# [ACTIVITY]
With pictures left out, set down exactly the lines from the line containing "本网湖南讯(通讯员 段海军)" through the last line of the data.

# [DATA SHOWN]
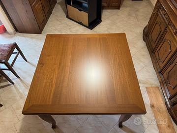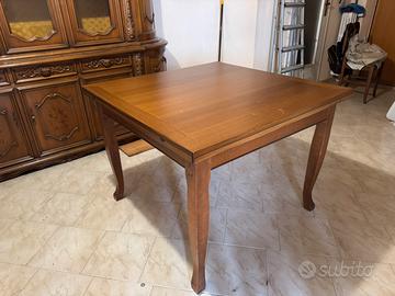 Vendo tavolo in legno di ottima qualità. Misure chiuso 104x104 h.80 Misure aperto 210x105 h.80 6 sedie in legno abbinate
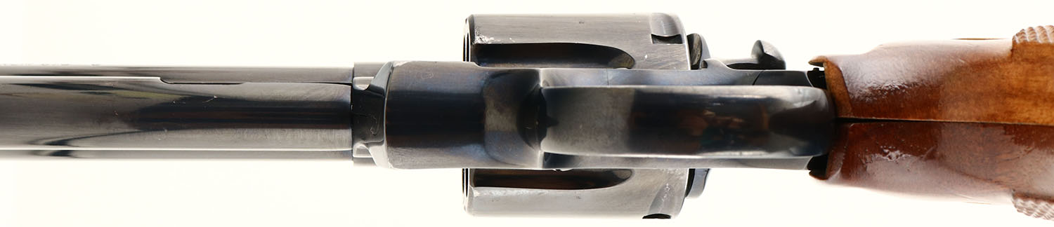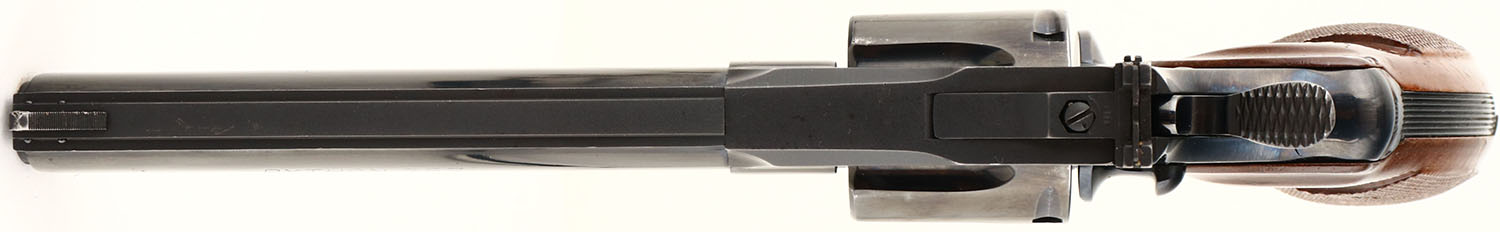 Colt, Python, CAL: 357, MFG: 1975, SN: E94621, Double Action Revolver, 6'' barrel. The original Rampant Colt medallion checkered wood grips are excellent, displaying minor dings & handling marks. The metal blue finish rates 97% overall, with loss due to holster wear near the muzzle & other small scuffs. Bore is excellent, with very light wear from honest use. The ventilated rib holds a blade front sight & the frame holds an adjustable rear sight. A highly desirable revolver. FFL Req. - Value: 2000 to 3000
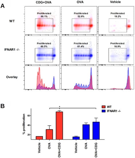 Next, we assessed whether CDG-induced cross-presentation can promote cross-priming in vivo. To this end, we performed a passive transfer of CFSE-labeled OT-I CD8+ T cells into congenic recipient mice. After 24 h we immunized the recipient mice. Then, 72 h following immunization, we isolated the spleen and LN and measured the proliferation of OT-I CD8+ T cells by flow cytometry (as CFSE dimming upon cell division) [9]. We also observed that the cross-priming capability is significantly reduced in IFNAR1−/− mice when vaccinated with CDG (Figure 4A,B).
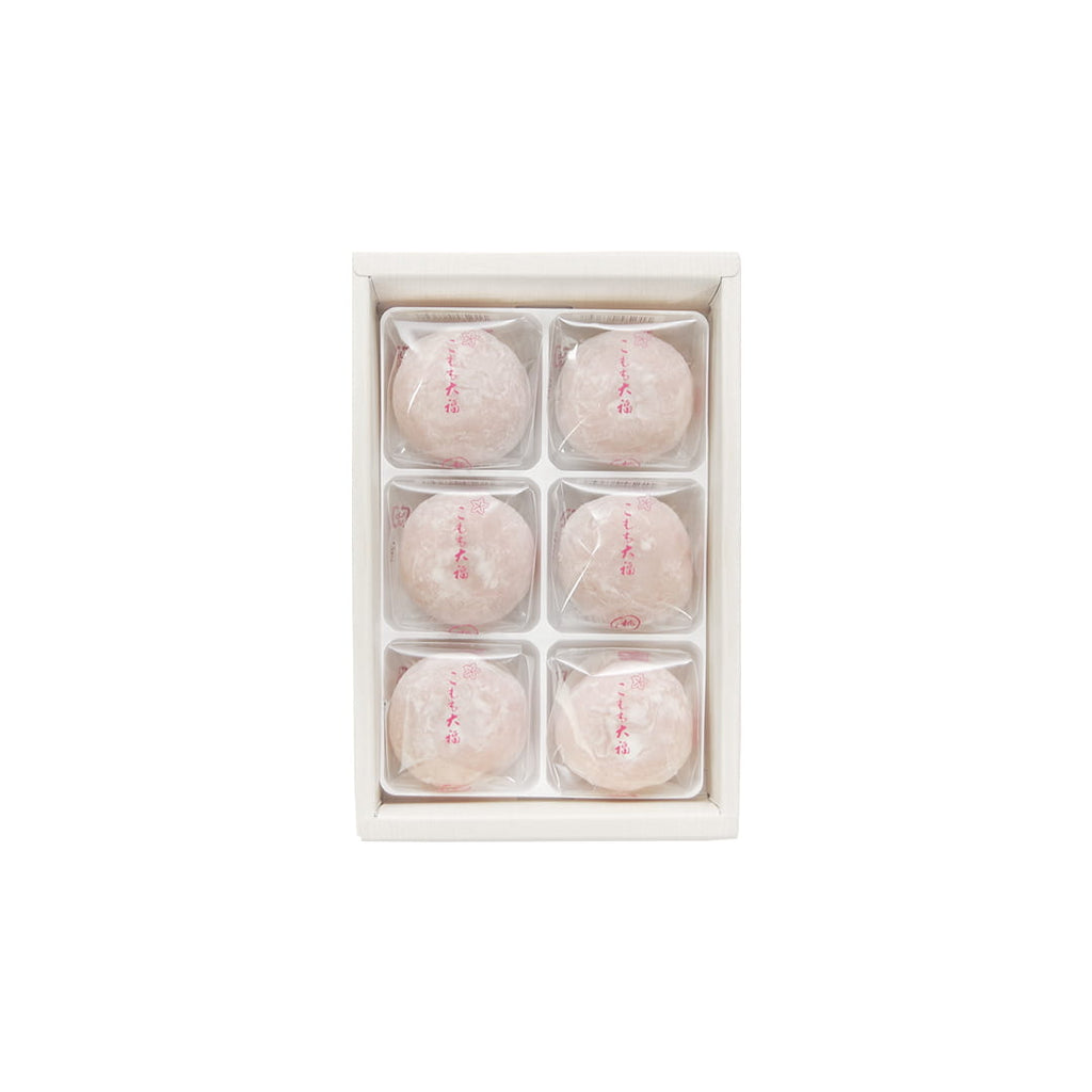 ほんのり桃色のやわらかいお餅となめらかな白餡で“こもも”を包みました。桃は種までやわらかく召しあがっていただけます。
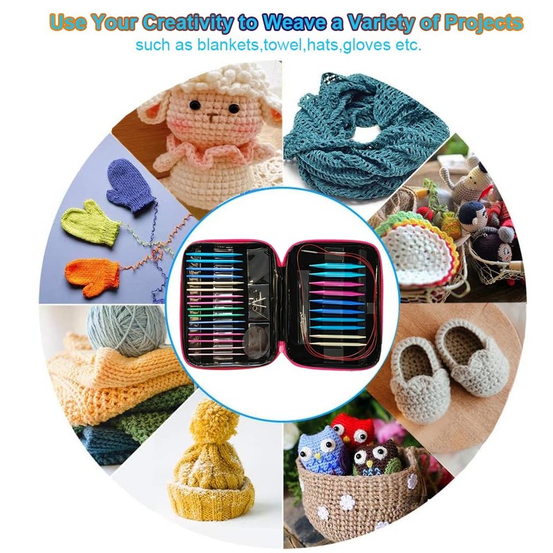 - Premium Quality and Durability: The interchangeable circular knitting needles set is mainly made of high quality aluminum,adopted with hollow design,more lightweight.This needles smooth,durable and comfortable to use.It is more ergonomic and can be continuously woven for a long time.This knitting needle set is a great investment.
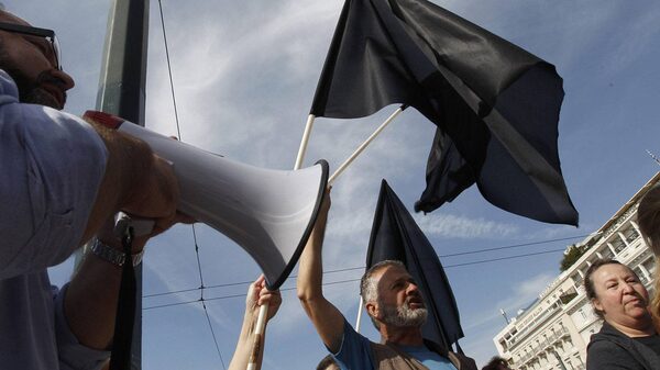Protesters wave black flags in front of the Greek parliament on Friday, Oct. 21, 2011. About 500 civil servants protested against new austerity measures. Greek unions on Friday threatened new anti-austerity strikes next week, after parliament approved deeply-resented new cutbacks. AP Photo/Petros GiannakourisPetros Giannakouris/The Associated Press
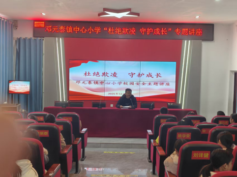 本网湖南讯(通讯员 段海军)为筑牢校园安全防线,呵护学生健康成长,12月19日,湖南省武冈市邓元泰镇中心小学组织开展“杜绝欺凌,守护成长”为主题的校园安全专题讲座。本次讲座由学校政教处段海军同志担任主讲,六年级部分师生代表参加讲座。
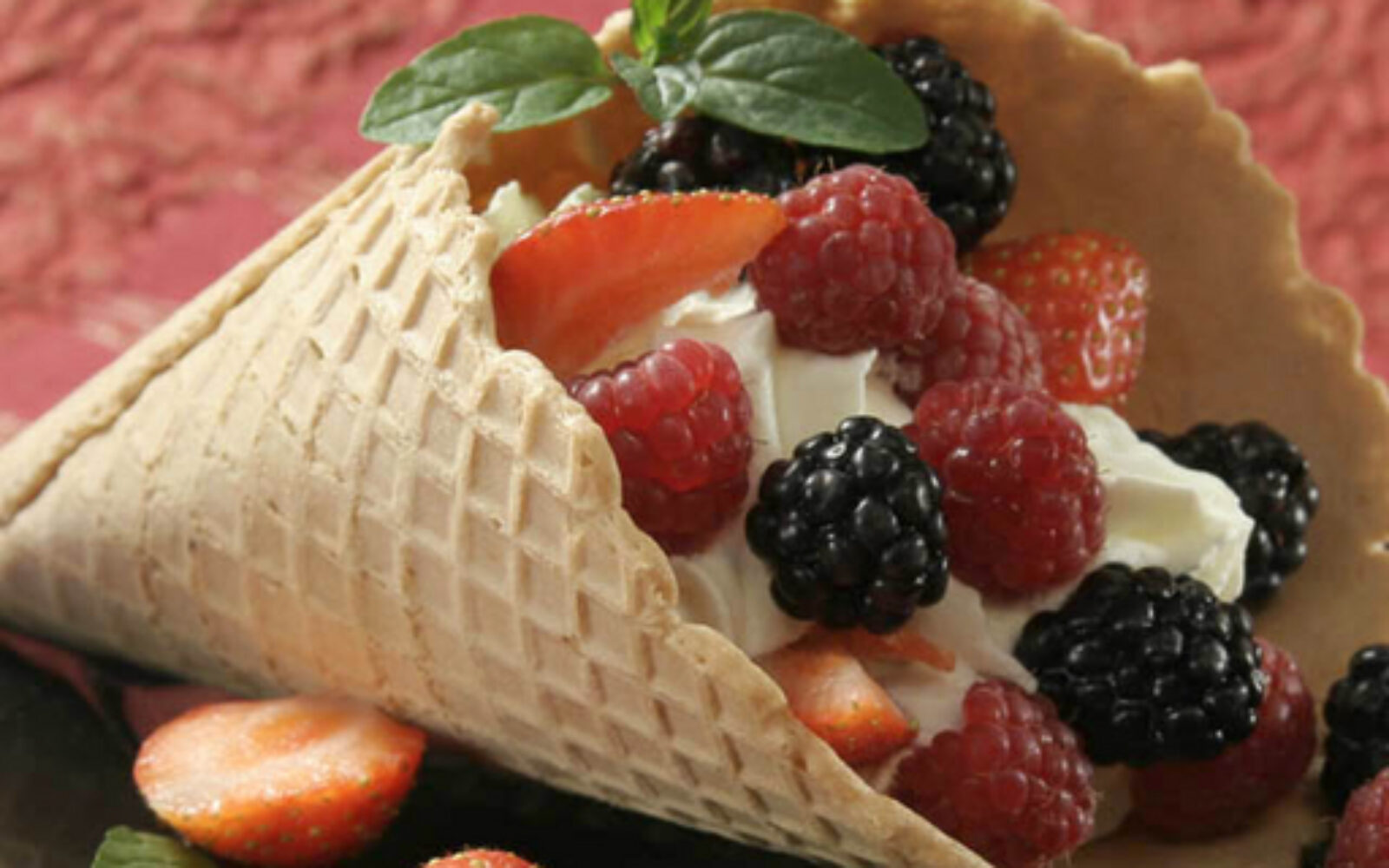 Recept dana Norveški desert s bobičastim voćem Pripremljene kornete sa šlagom i voćem poslužite odmah kako se kornet ne bi navlažio.
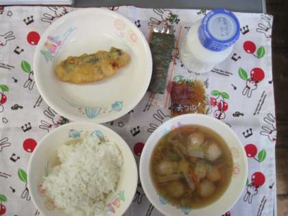 ごはん とりにくだんご さわらのてんぷら あじつけのり 牛乳
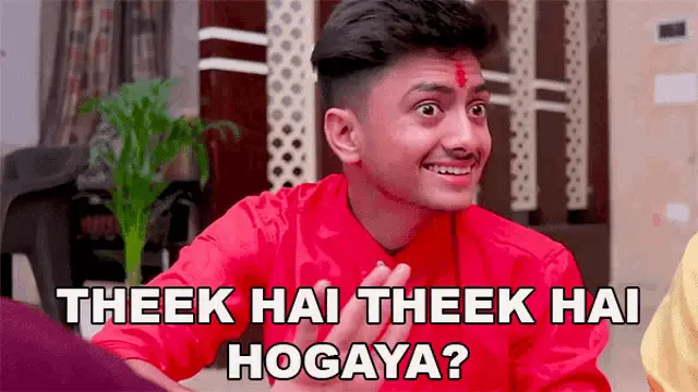 Prince Verma says 'Theek Hai' while wearing a maroon shirt and a gold chain.
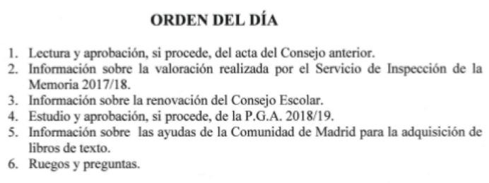 El pasado 25 de octubre se celebró Consejo Escolar con el siguiente orden del día:

# [ANSWER SECTION]
 本网湖南讯(通讯员 段海军)为筑牢校园安全防线,呵护学生健康成长,12月19日,湖南省武冈市邓元泰镇中心小学组织开展“杜绝欺凌,守护成长”为主题的校园安全专题讲座。本次讲座由学校政教处段海军同志担任主讲,六年级部分师生代表参加讲座。
 Recept dana Norveški desert s bobičastim voćem Pripremljene kornete sa šlagom i voćem poslužite odmah kako se kornet ne bi navlažio.
 ごはん とりにくだんご さわらのてんぷら あじつけのり 牛乳
 Prince Verma says 'Theek Hai' while wearing a maroon shirt and a gold chain.
 El pasado 25 de octubre se celebró Consejo Escolar con el siguiente orden del día:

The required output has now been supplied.